# Low(er) end Espresso machines



## Stubee (Oct 28, 2008)

I'm in the market again for an espresso machine after I had to return my Gaggia Baby Dose. I want something similar ish, and have identified 3 posibilities

Gaggia Classic

Rancilio Silvia (above budget)

La Pavoni PCL Puccino

Don't know much about the last one, has anyone got any experience or link to reviews at all. Also any other machines to consider.

For info I use an Iberital MC2 grinder and drink my drinks black, so only occasionaly steam milk.

Thanks


----------



## Glenn (Jun 14, 2008)

For ease of use and budget I would recommend the Gaggia Classic

The Rancilio Silvia is a great machine but (usually just) out of most new machine buyers' price range.
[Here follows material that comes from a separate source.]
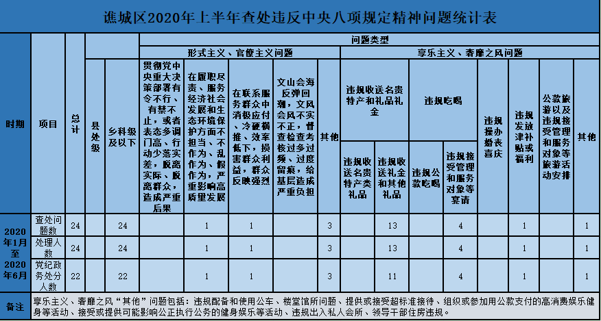 2020年上半年,谯城区纪检监察机关共查处违反中央八项规定精神问题24起,处理24人,其中给予党纪政务处分22人。其中,查处形式主义、官僚主义问题5起;查处享乐主义、奢靡之风问题19起。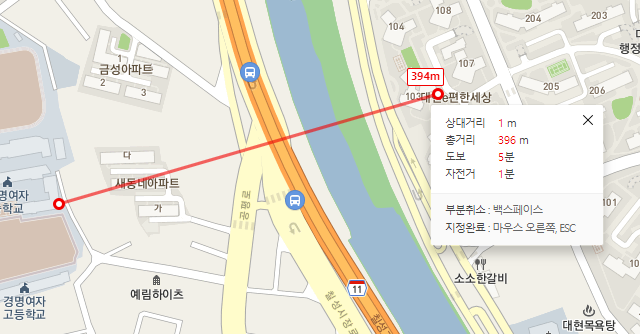 b. 지점을 선택합니다. 거리재기를 선택한 상황에서 지도에 표시된 지점을 선택합니다. 먼저 선택한 지점을 중심으로 마우스가 이동할 때마다 정보를 표시해 주게 됩니다. 사진을 참고해 주세요.

Have you considered the Ascaso Basic?

They are also good value for money.


----------



## Stubee (Oct 28, 2008)

I hadn't considered the Ascaso, are they good machines? The Basic is that now known as the Pablo? Looks to have good features for the money, very minamilist case. Silvia probably is out my reach with the La Pavoni at the limit, which has good looks and steel case which I like.


----------



## BanishInstant (Oct 12, 2009)

When I was on the lookout I visited CoffeeGeeks for their Consumer Reviews, and although there is a significant American bias some of the machines are common.


----------



## Stubee (Oct 28, 2008)

Well I went for the La Pavoni Puccino in the end (Ascaso Arc in 2nd place!), hopefully it will be worth it. Once I get it up and running I'll report back. Be interesting to see how it compares with the Baby Dose.


----------



## BanishInstant (Oct 12, 2009)

Best of luck in your choice.


----------